Dans la revue Communication et professionnalisation, on ne trouve pas ce terme dans les mots clés utilisés par les auteurs. Du côté de la revue Communication & organisation, 43 articles évoquent la notion de vulnérabilité et seulement 6 articles dans le titre ou le résumé. Les auteurs évoquent généralement les publics vulnérables et la façon dont ils sont représentés (Vigouroux-Zugasti, 2014; Vigouroux-Zugasti & Bourret, 2023). Ils s’intéressent également aux pratiques de communication qui vulnérabilisent en contexte organisationnel (Dumas, 2018) et aux nouvelles vulnérabilités liées aux technologies numériques (Carayol & Laborde, 2019; Dupré, 2018). La vulnérabilité est associée à la confiance (Ely, 2015; Camin, 2018), aux crises (Sicard, 1999) et plus largement aux politiques de prévention des risques (Rasse & Rasse, 2014). Le colloque Org & Co de 2019 sur « La face obscure de la communication des organisations » (Carayol et al., 2020) explore largement cette thématique sans toutefois épuiser les analyses qui restent à développer en communication organisationnelle.

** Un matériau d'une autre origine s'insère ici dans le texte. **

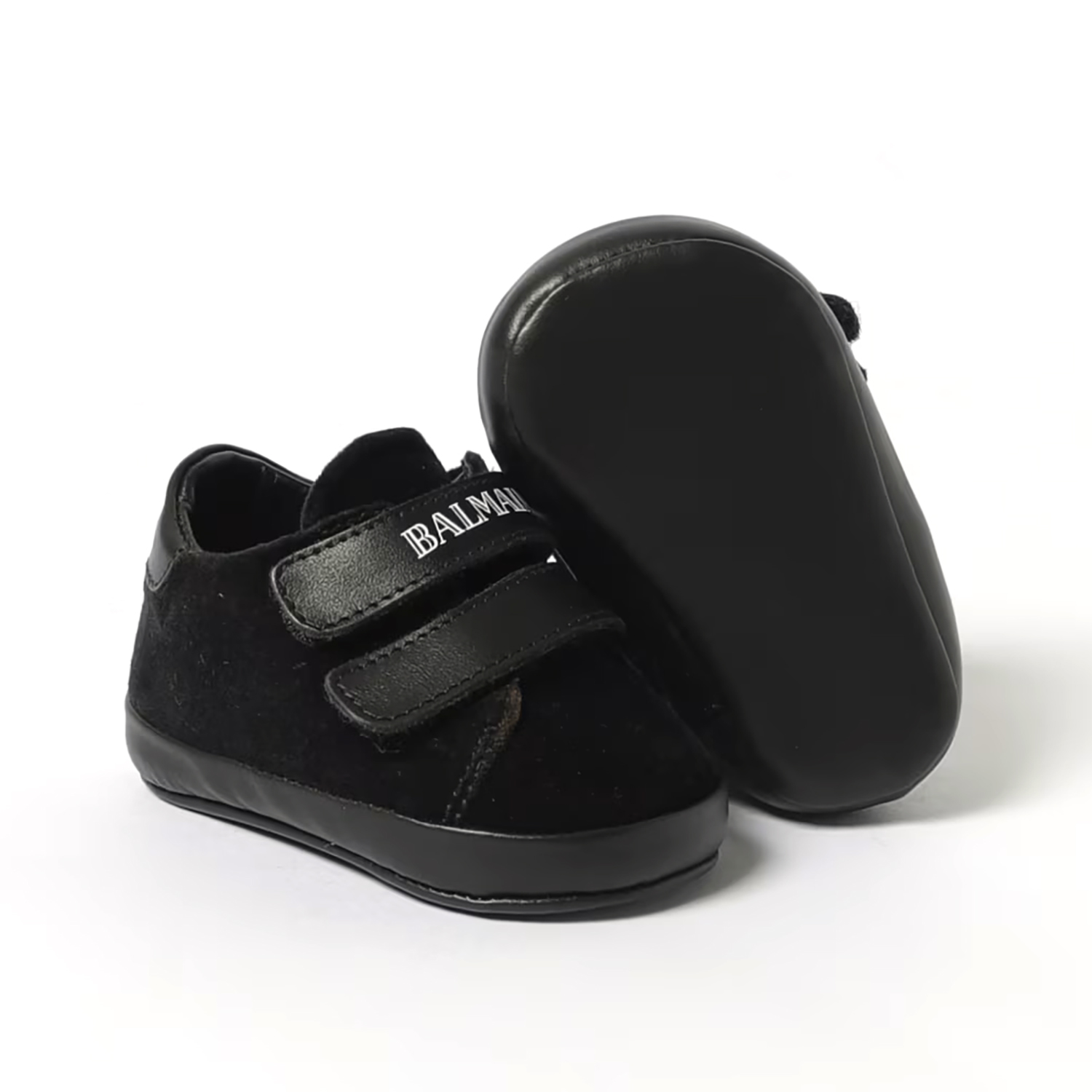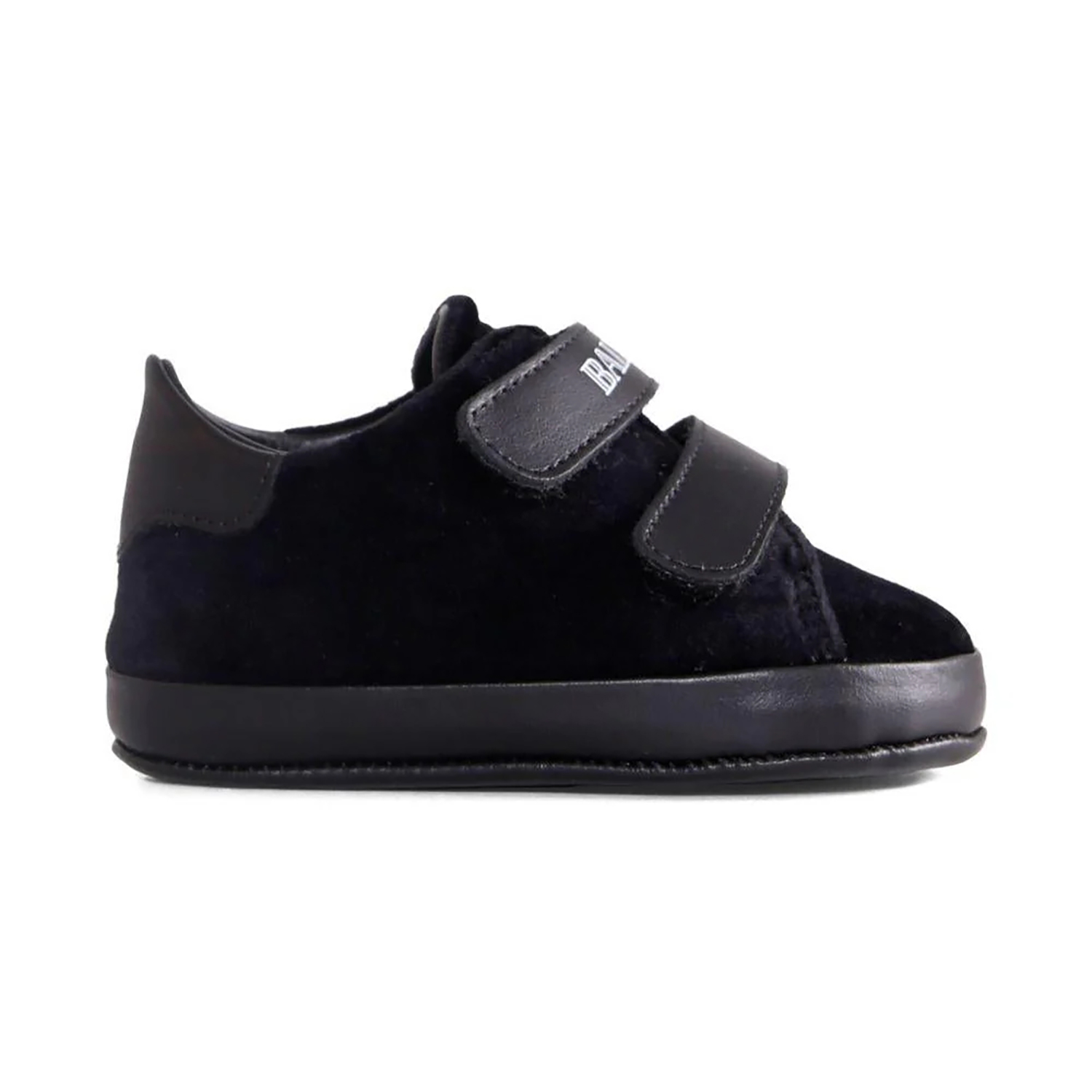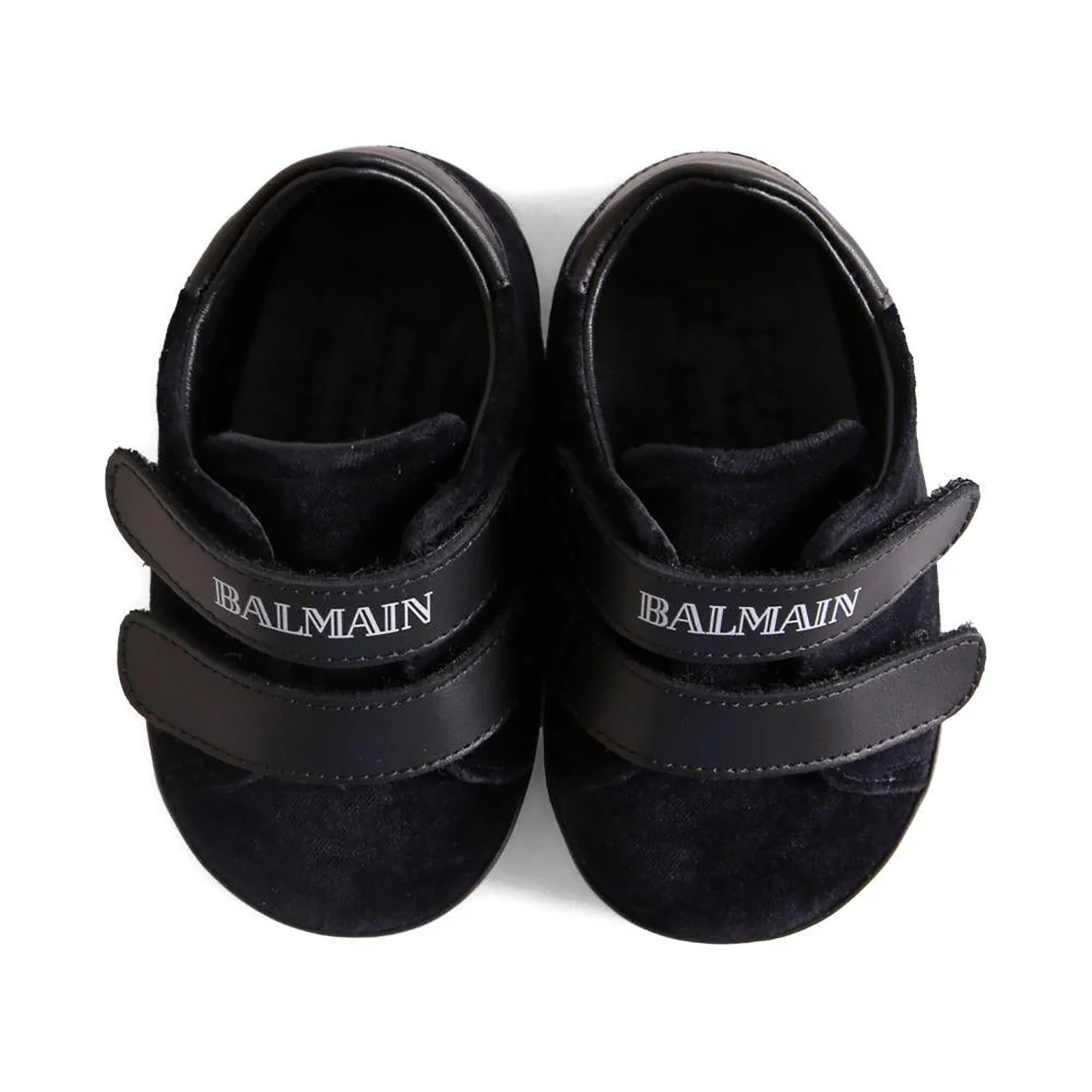 Balmain Paris μαύρα βελούρ sneakers, με δερμάτινο velcro κούμπωμα με λογότυπα.

Que peuvent dire les sciences de l’information et de la communication et la communication organisationnelle des vulnérabilités ? En quoi peuvent-elles décrypter et aider à concevoir, à la fois ce qui se trame dans la sémantique qui accompagne l’usage même de ce terme, ce qui contribue à la fabrique des vulnérabilités, mais aussi ce qui se joue dans les dispositifs mis en place, mobilisant des dispositifs de communication et des artefacts techniques, pour leur capacité à « remédier » à ces situations ?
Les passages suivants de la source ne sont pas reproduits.